> _Records for the task_:
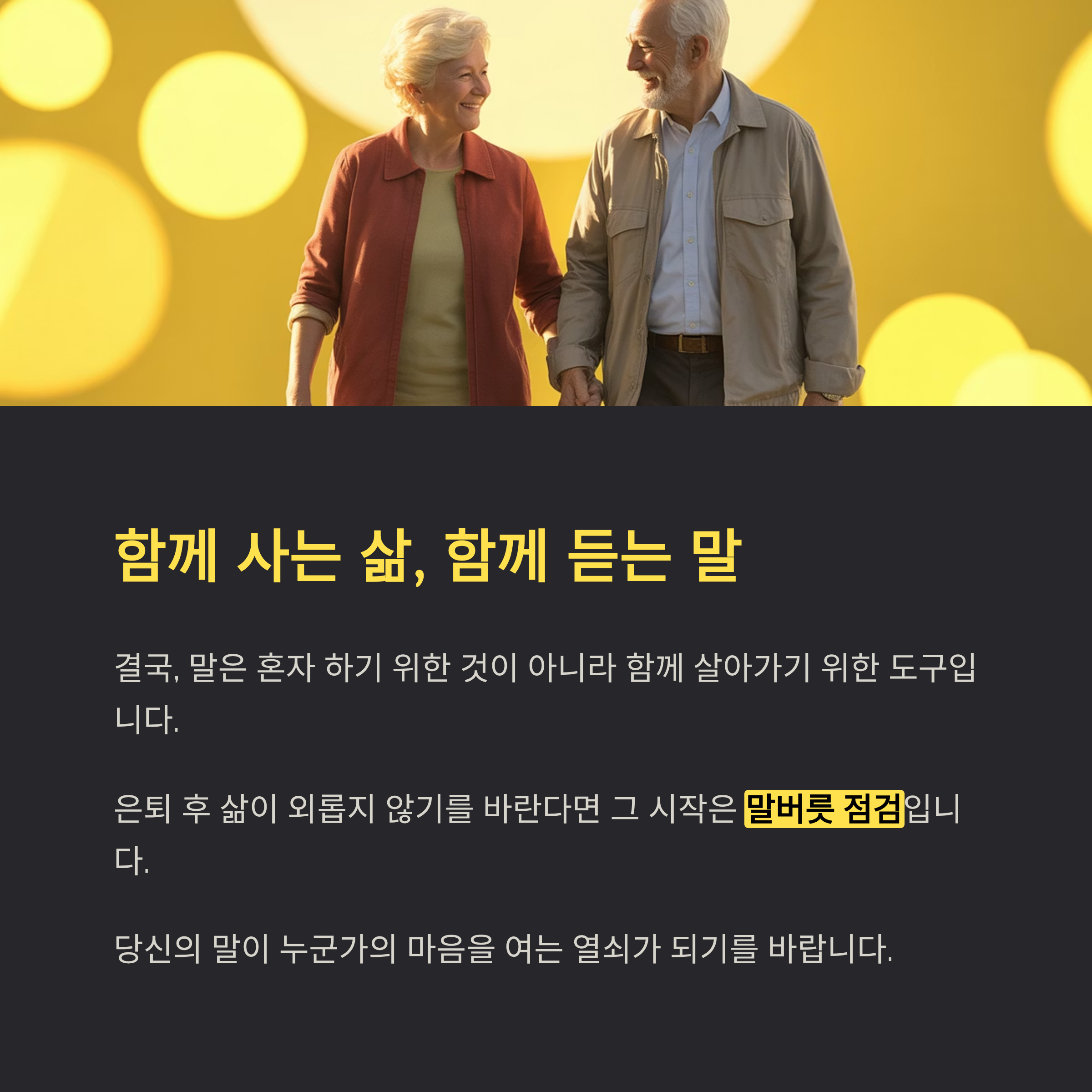 은퇴는 단순히 일을 그만두는 게 아닙니다. 이제부터는 ‘사람과의 관계’가 삶의 질을 좌우하게 되죠. 그런데 오랜 사회생활 속에서 무심코 굳어진 말버릇이 문제를 만들기도 합니다. 특히 가족, 친구, 이웃과의 새로운 관계를 망칠 수도 있는 표현들. 지금부터 은퇴 전 꼭 바꿔야 할 말버릇 3가지를 살펴보며, 더 나은 인생 2막을 준비해보세요.
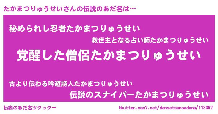 | ポケモン風あだ名 | 『ヒタカマツリュウセイ』『タカゴンZ』 |
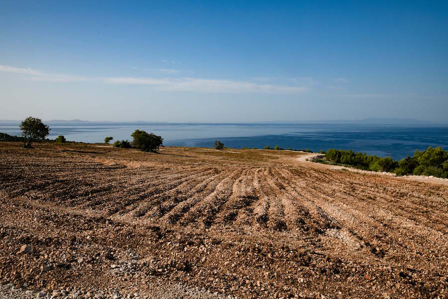U nedjelju 23. srpnja u pola sedam ujutro našli smo se sa Slavenom Jeličićem u splitskoj trajektnoj luci, kako bismo uhvatili trajekt za Šoltu u 6 i 45. Odlučili smo ići tako rano da bismo izbjegli najgore vrućine, ali i zato što je jutarnje svjetlo bolje za fotografiranje. Čim smo stigli na Šoltu, odvezli smo se do položaja Zahoda, koji je već uređen za sadnju. Radi se o nekoliko hektara na južnoj strani otoka, gdje se donedavno posve neprohodna šikara.Sada je Zahoda, ili Limestone Ridge, precizno uređena, podijeljena na nekoliko ploča, s novim suhozidom, malom meteorološkom stanicom, prelijepim pogledima na more i na uvale koje većina posjetitelja Dalmacije nikad nije vidjela. Kako je Jeličić došao do Zahode?
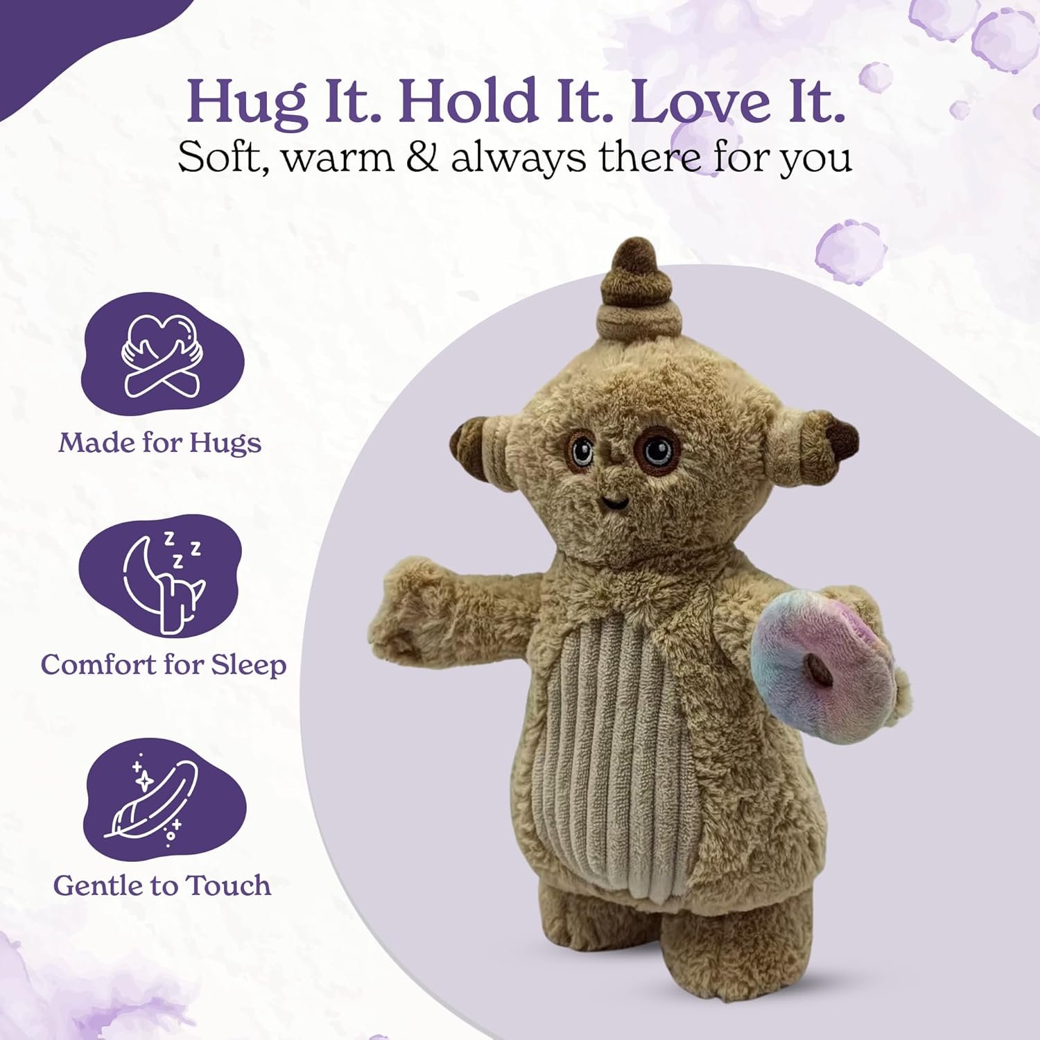 • Gently Scented: Infused with a subtle lavender aroma, this plush toy provides a delightful scent that promotes relaxation and a restful sleep.
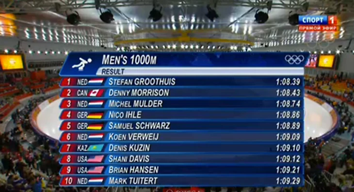 19.13 Тройка лидеров полностью изменилась за несколько минут: на первое место взобрался голландец Стефан Гротхейс (1:08.39), вторым идет канадец Деннис Моррисон (проигрывает 4 сотые), тройку замыкает победитель 500-метровки Михел Мюлдер.
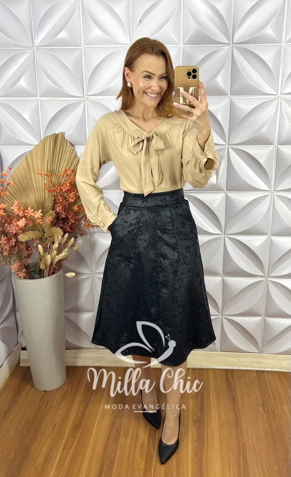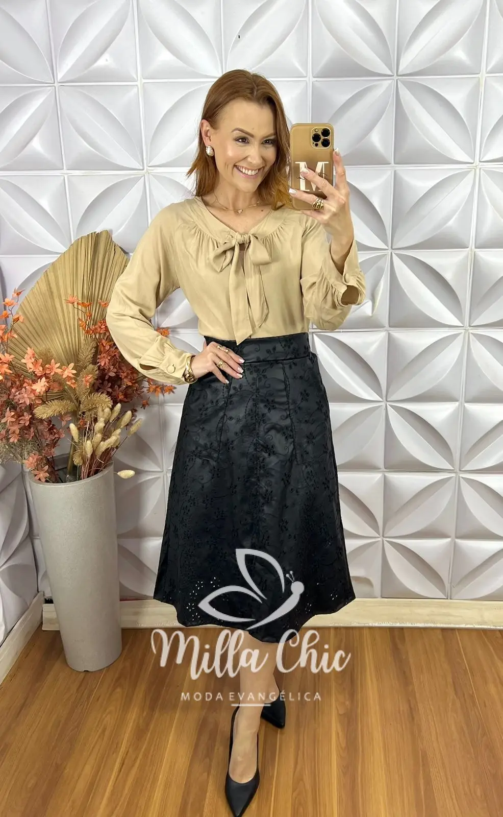A saia Deisy se destaca pelos detalhes encantadores, como o tecido todo bordado que passa muita delicadeza e elegância . A modelagem que valoriza a silhueta de forma feminina com um leve toque evasê . O cós na parte das costas possui elástico que deixa o encaixe perfeito .
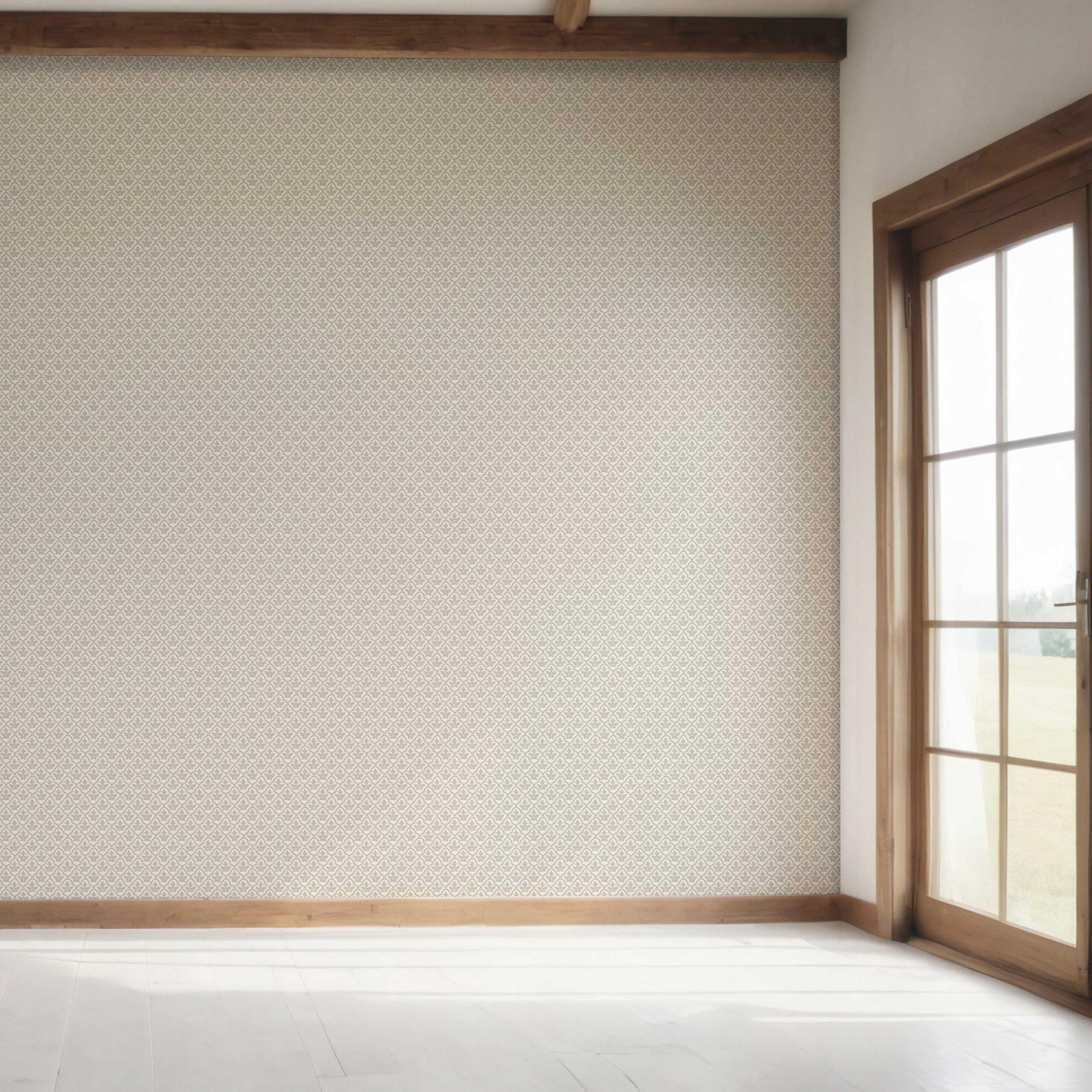 ‘Orion’ Neutral-Toned Small Floral Lattice Wallpaper (Warm Gray/ Greige)
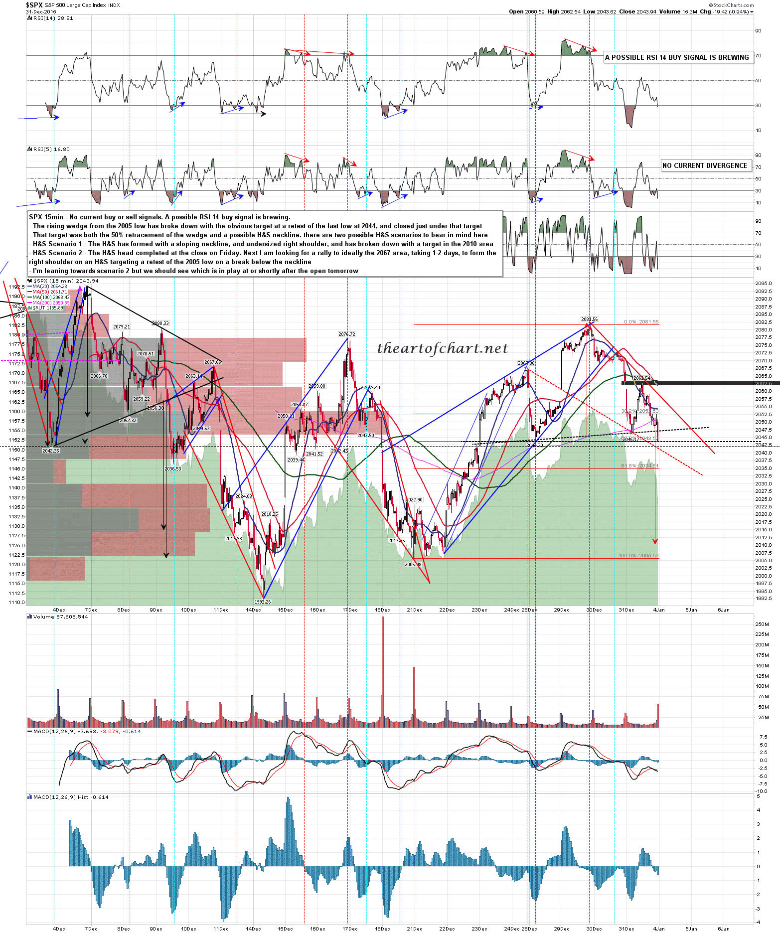 When I was doing the chart below for theartofchart.net subscribers last night I laid out two H&S scenarios and favored the second one, with the caveat that we should know which option would be taken at or soon after the open today. Obviously SPX has gone with option 1 and is likely to open close to that H&S target in the 2010 area. SPX 15min chart:
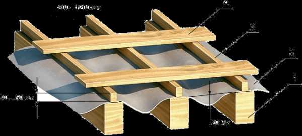 Схема устройства кровельного пирога: 1 — стропильная нога, 2 — пароизоляция, 3 — контробрешетка, 4 — обрешетка
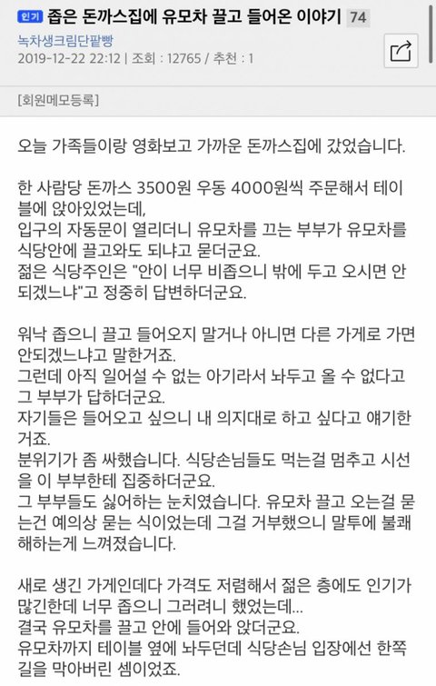 좁은 가게면 부부 잘못이지.돈까스맛 어차피 돈까스 맛인데 좀 큰가게를 가야지.테이블 4개 미만인 가게나 일직집 다찌만 있는 가게면 유모차 못들어가지.독특하네 아기부모.가게 주인이 억지 쓰는거면 더러워서 안갈거고 진짜 좁으면 본인들이 피해서 안갈텐데 그 동네는 돈까스 집이 하난가?

> _Exercise requirements_:
Please reproduce the entries above exactly, from their first line to the line holding "19.13 Тройка лидеров" inclusive, and nothing else; the pictures stay out.

> _Completed task_:
 은퇴는 단순히 일을 그만두는 게 아닙니다. 이제부터는 ‘사람과의 관계’가 삶의 질을 좌우하게 되죠. 그런데 오랜 사회생활 속에서 무심코 굳어진 말버릇이 문제를 만들기도 합니다. 특히 가족, 친구, 이웃과의 새로운 관계를 망칠 수도 있는 표현들. 지금부터 은퇴 전 꼭 바꿔야 할 말버릇 3가지를 살펴보며, 더 나은 인생 2막을 준비해보세요.
 | ポケモン風あだ名 | 『ヒタカマツリュウセイ』『タカゴンZ』 |
U nedjelju 23. srpnja u pola sedam ujutro našli smo se sa Slavenom Jeličićem u splitskoj trajektnoj luci, kako bismo uhvatili trajekt za Šoltu u 6 i 45. Odlučili smo ići tako rano da bismo izbjegli najgore vrućine, ali i zato što je jutarnje svjetlo bolje za fotografiranje. Čim smo stigli na Šoltu, odvezli smo se do položaja Zahoda, koji je već uređen za sadnju. Radi se o nekoliko hektara na južnoj strani otoka, gdje se donedavno posve neprohodna šikara.Sada je Zahoda, ili Limestone Ridge, precizno uređena, podijeljena na nekoliko ploča, s novim suhozidom, malom meteorološkom stanicom, prelijepim pogledima na more i na uvale koje većina posjetitelja Dalmacije nikad nije vidjela. Kako je Jeličić došao do Zahode?
 • Gently Scented: Infused with a subtle lavender aroma, this plush toy provides a delightful scent that promotes relaxation and a restful sleep.
 19.13 Тройка лидеров полностью изменилась за несколько минут: на первое место взобрался голландец Стефан Гротхейс (1:08.39), вторым идет канадец Деннис Моррисон (проигрывает 4 сотые), тройку замыкает победитель 500-метровки Михел Мюлдер.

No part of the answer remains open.